Frankly, the whole thing exhausted me and it didn't help that I was reading most of this with no break while in the emergency room at the hospital after bringing my teenage son there for emergency surgery two nights ago and then sitting with him all day yesterday at the hospital in recovery. He's all right and home now, but I kept wishing I'd had a better book to read for all those hours! Maybe I would have liked this one better if I had been reading it under better conditions.
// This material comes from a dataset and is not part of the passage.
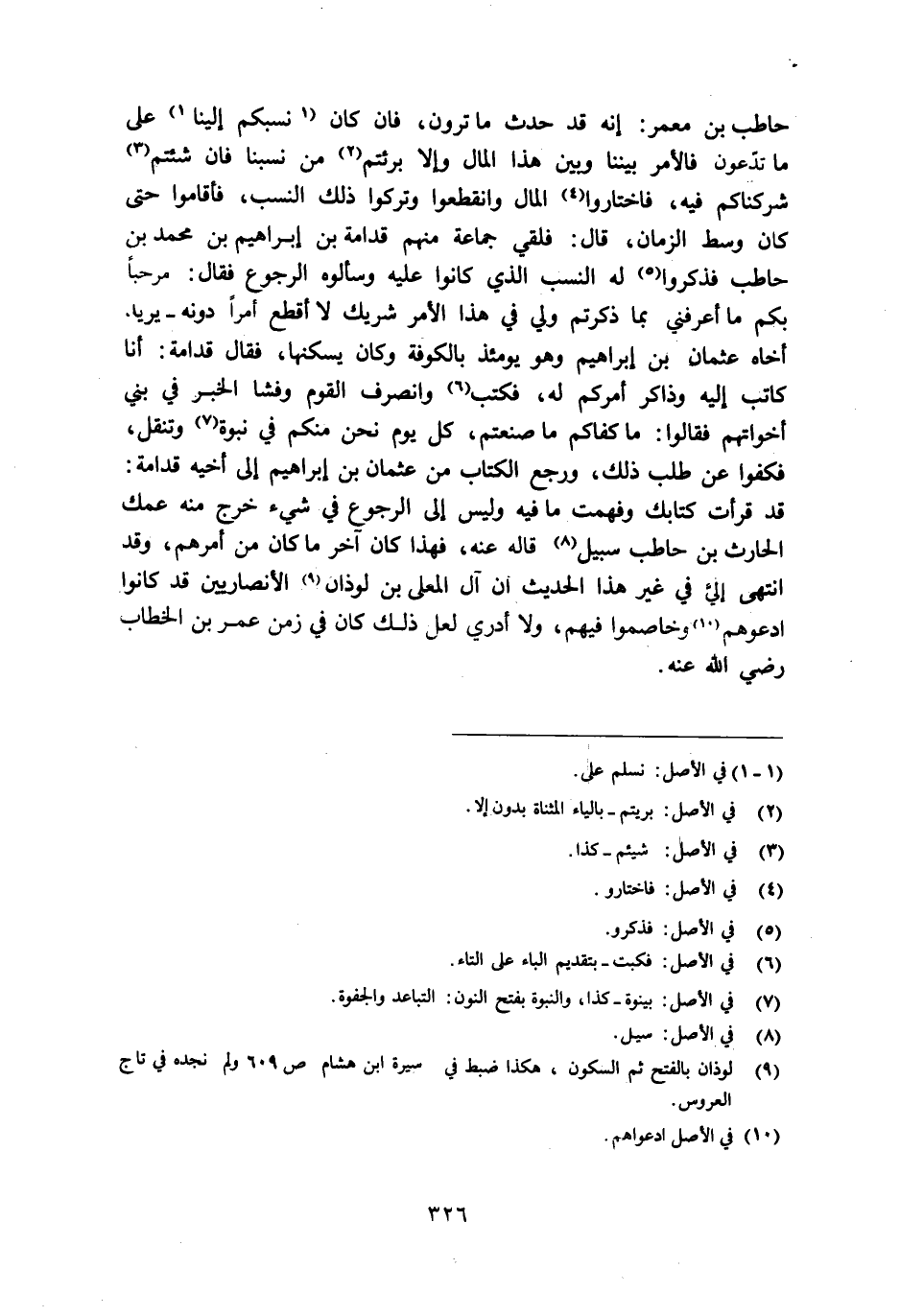 حاطب بن معمر: إنه قد حدث ما ترون، فان كان [1] نسبكم إلينا [1] على ما تدّعون فالأمر بيننا وبين هذا المال وإلا برئتم [2] من نسبنا فان شئتم [3] شركناكم فيه، فاختاروا [4] المال وانقطعوا وتركوا ذلك النسب، فأقاموا حتى كان وسط الزمان، قال: فلقي جماعة منهم قدامة بن إبراهيم بن محمد بن حاطب فذكروا [5] له النسب الذي كانوا عليه وسألوه الرجوع فقال: مرحبا بكم ما أعرفني بما ذكرتم ولي في هذا الأمر شريك لا أقطع أمرا دونه- يريد أخاه عثمان بن إبراهيم وهو يومئذ بالكوفة وكان يسكنها، فقال قدامة: أنا كاتب إليه وذاكر أمركم له، فكتب [6] وانصرف القوم وفشا الخبر في بني أخواتهم فقالوا: ما كفاكم ما صنعتم، كل يوم نحن منكم في نبوة [7] وتنقل، فكفوا عن طلب ذلك، ورجع الكتاب من عثمان بن إبراهيم إلى أخيه قدامة: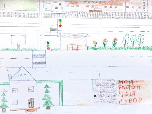 В своём рисунке я изобразил дом, где я проживаю, магазин, куда обычно ходим с мамой за продуктами и путь к моей школе в моём любимом районе, где я живу. Я проживаю в Можайском районе города Москвы, каждый день, идя в школу, я прохожу два пешеходных перехода со светофорами, движение очень активное, и нужно всегда быть предельно внимательным. У нас в районе есть много детских и спортивных площадок, где я обычно играю со своими друзьями. Я люблю свой район и хочу, чтобы он становился с каждым годом всё краше и лучше!

It wasn't bad, the writing itself was great and the research and setting were tops, and the sex scenes were written beautifully with lots of passion - hot! But, I was let down compared to the last book, this just seemed like a watered down version. Maybe it was just me, maybe it was because I didn't warm up to Amalie, who knows?
Still, I plan on reading all of Ms. Clare's books, this isn't stopping me, and I am eager to read anything and all she writes in the future regarding this series since I really do love it. The setting is close to my heart since it reminds me a lot of the later Outlander Series books. I just wasn't wowed by this one like I was with the last. Oh well.